In a special collaboration with WMU’s Medieval Institute, Corina Marti will perform a recital of 14th-century music, featuring period instruments including the clavisimbalum and early flutes from the Medieval period. The clavisimbalum is the “ancestor” of the clavichord and harpsichord and is likely the first known keyboard instrument in Western music other than the pipe organ. Marti is a Swiss-born artist on the faculty of Schola Cantorum Basiliensis, and she is a noted expert on Medieval and Early Renaissance music.
|ANONYMOUS, after Bartolino da Padova||In perial sedendo|
|GHERARDELLO DA FIRENZE||Per non far lietto|
|ANONYMOUS, after Jacopo da Bologna||Aquila altera|
|DON PAOLO DA FIRENZE||Era Venus|
|GUILLAME DE MACHAUT||Quant je suis mis au retour|
Corina Marti was born in Switzerland, where she received her first two degrees in ‘early music’ (Renaissance/Baroque flute and in harpsichord). However, her heart belongs to Medieval and Early Renaissance music. Passion for it has brought her to the Schola Cantorum Basiliensis from where she graduated with distinction under the guidance of Pierre Hamon and Kathrin Bopp. In 2003, she joined the faculty of Schola’s Department for Medieval and Renaissance Music as a tutor for medieval flutes and keyboard instruments. She is frequently invited to coach master classes.

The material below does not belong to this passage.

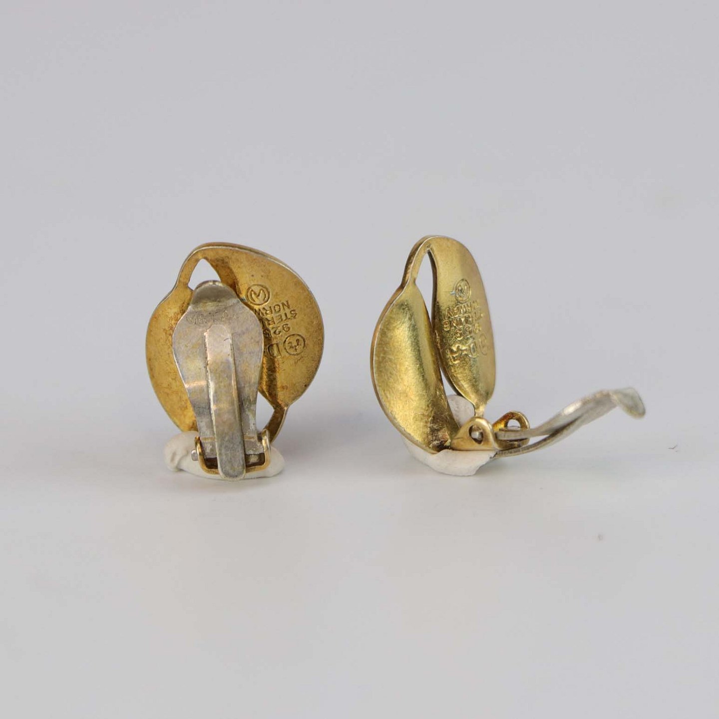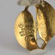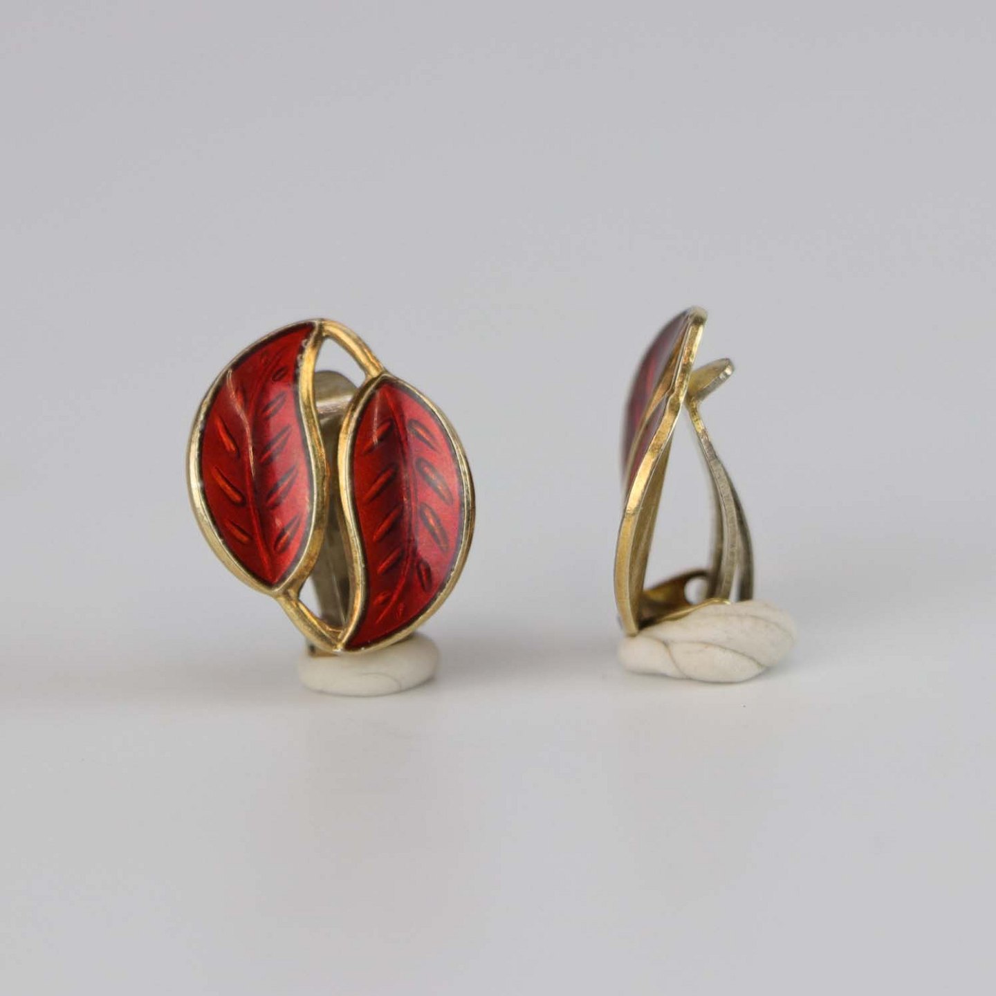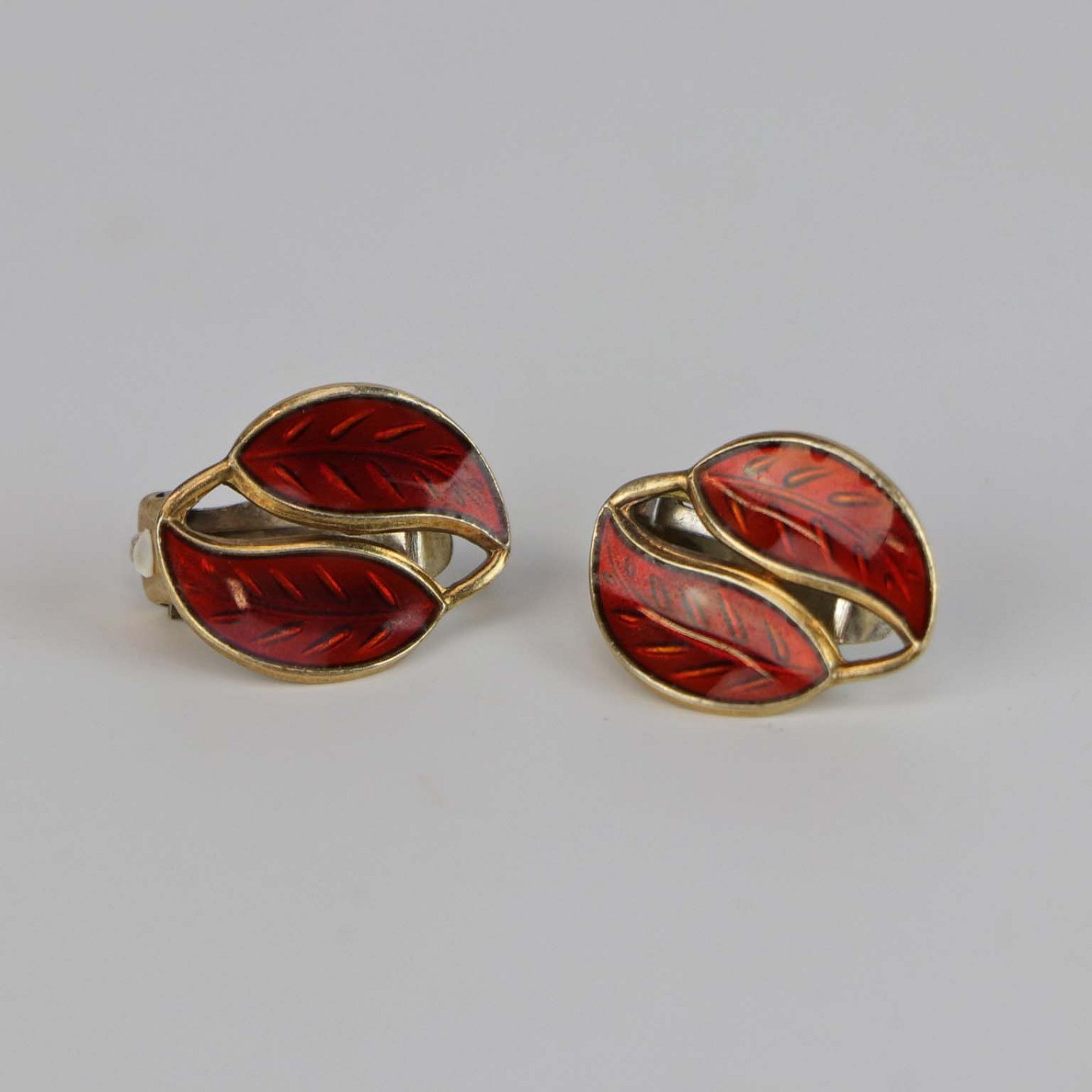 Øreklips i forgyldt sterling sølv dekoreret med motiv af blade med rød emalje. Klips på bagsiden er fremstillet i metal
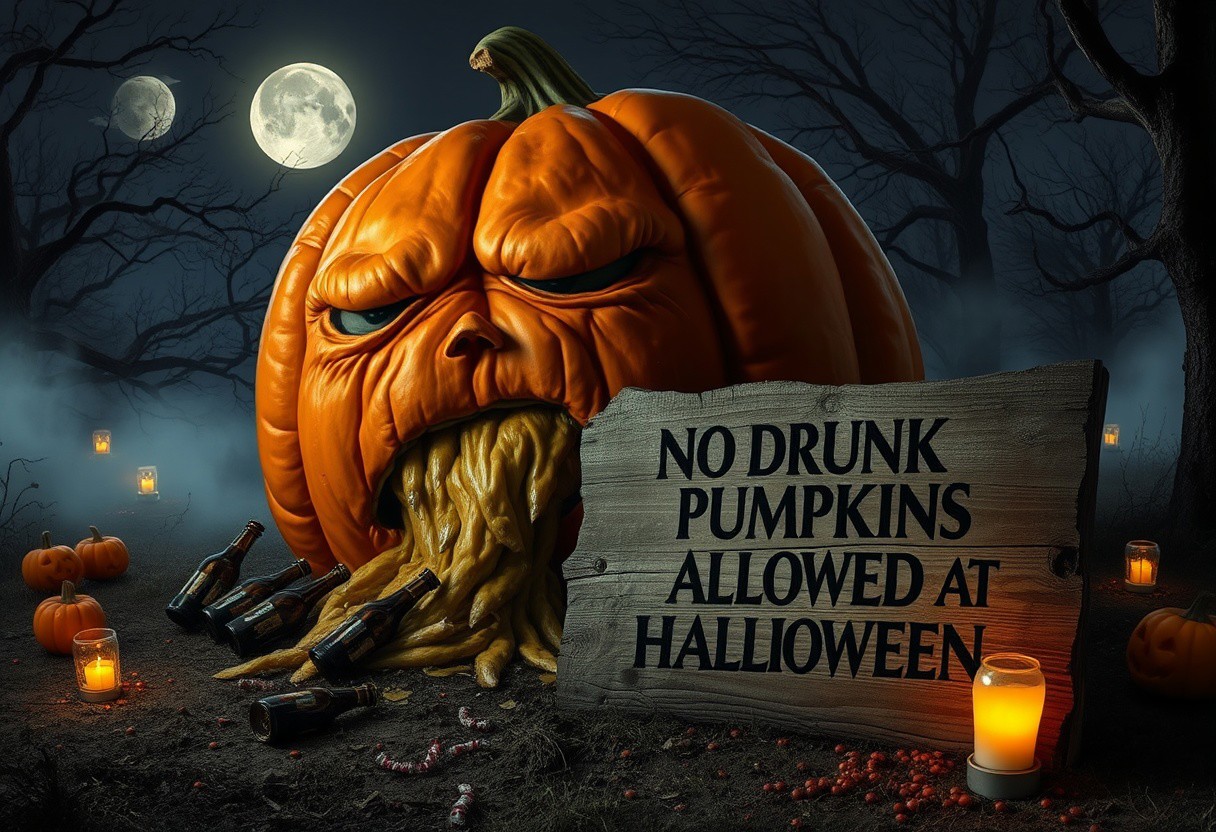 “Enormous orange pumpkin with a tired, worn-out expression, sitting on the ground as it vomits its own pumpkin guts. Empty beer bottles scattered around, as if it just had a long night of drinking. Surrounding the pumpkin are spooky Halloween elements: glowing jack-o’-lanterns, eerie fog creeping along the ground, flickering candles inside skull-shaped lanterns, and a few scattered candy wrappers. A full moon casts a dim light over the scene, with creepy shadows from nearby trees and faint ghostly figures in the distance. In front of the pumpkin, a decayed, broken wooden sign with deep engravings reads ‘NO DRUNK PUMPKINS ALLOWED AT HALLOWEEN,’ adding a darkly humorous touch to the eerie atmosphere.”

In addition to her work with LA MORRA, where she plays early flutes and keyboard instruments (clavicimbalum and clavicytherium), she enjoys performing Baroque and contemporary music and has appeared both as a soloist and with various ensembles (including Jordi Savall’s Hesperion XXI) all over Europe and in Middle East. Apart from the CDs with LA MORRA, she has recorded seventeenth-century music from Lombardy and J. S. Bach’s flute sonatas, as well as music from fifteenth- and early sixteenth-century German keyboard and lute sources (with Michal Gondko). The year 2011 saw the CD release of I dilettosi fiori, her solo recital on the early flutes and clavisimbalum.